4. The Denver Nuggets will be this year’s New York Knicks. All right so this obviously didn’t happen, but there were a bunch of things that happened here that I could never have anticipated–Nene coming back to a near-all star level of center play, Carmelo suddenly maturing into a team player (DAMN YOU TEAM USA), hell, even Chris “Birdman” Andersen coming back from hard-drug sabbatical to block like six shots a game. No team–not even the Knicks–has undergone a transformation as dramatic as the one-time Thuggets have this year. Of course, there’s another big factor as to why this might be…
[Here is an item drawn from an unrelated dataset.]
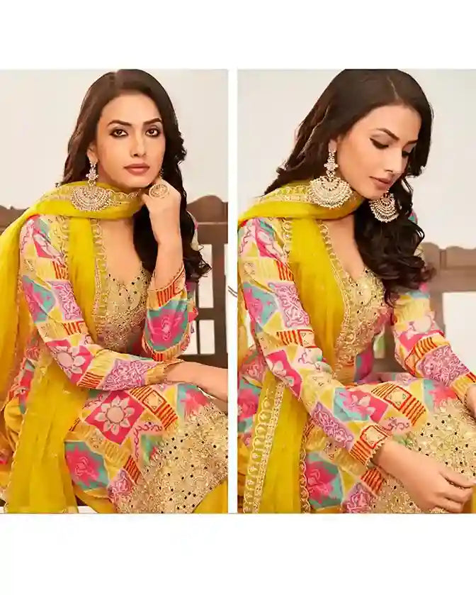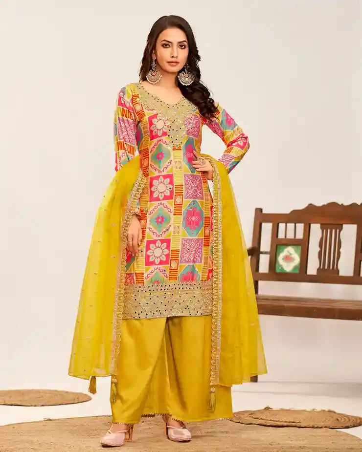 Yellow Women Readymade Chinnon Silk Zari Mirror Work Printed Palazzo Suit With Organza Silk Dupatta

3. Allen Iverson swings a team’s playoff fortunes by getting traded midseason. My crowning achievement here. Happened only like two days after I predicted it–even called him going to the Pistons, and said that “shuffling around their lineup to include Iverson will either sink ‘em or make ‘em the legitimate unstoppable force they’ve always believed themselves to be.” Well, one of those two things certainly happened, at least, though I’d be lying if if I said it was the one I was expecting. And as negative an effect as the swap had for the Pistons, it was about that good for the Nugs to get Chauncey Billups–though they still probably need to win at least one playoff series with Mr. Big Shot at the helm for the trade to be a totally unqualified success. In the meantime, I’ll certainly be rooting for the AI’d Detroit against Boston or Orlando in the first round this year.

2. The Suns finally beat the Spurs in the playoffs. Sliiight wishful thinking here. My prediction looked solid for exactly one day, as the Suns beat the Spurs on opening night. Then they lost the rest of the games in the season series, got their coach fired, alienated their franchise player and then lost him to a lame-o ocular injury, and lost five must-win road games in a row to all but ensure that not only would they not make much of a post-season run, they wouldn’t make the post-season at all. Meanwhile, the Spurs were the Spurs, overcoming early injuries, hitting big game-winning shots and coasting their way to likely Home Court in the West. It’s going to go down as one of the minor tragedies in the history of pro sports that the Suns never got to taste the promised land, and that they will likely never get proper vengeance on the team that ruined so many of their best chances of doing so.

1. The New York Knicks make the playoffs. Admit it, though–they came closer than you thought they would.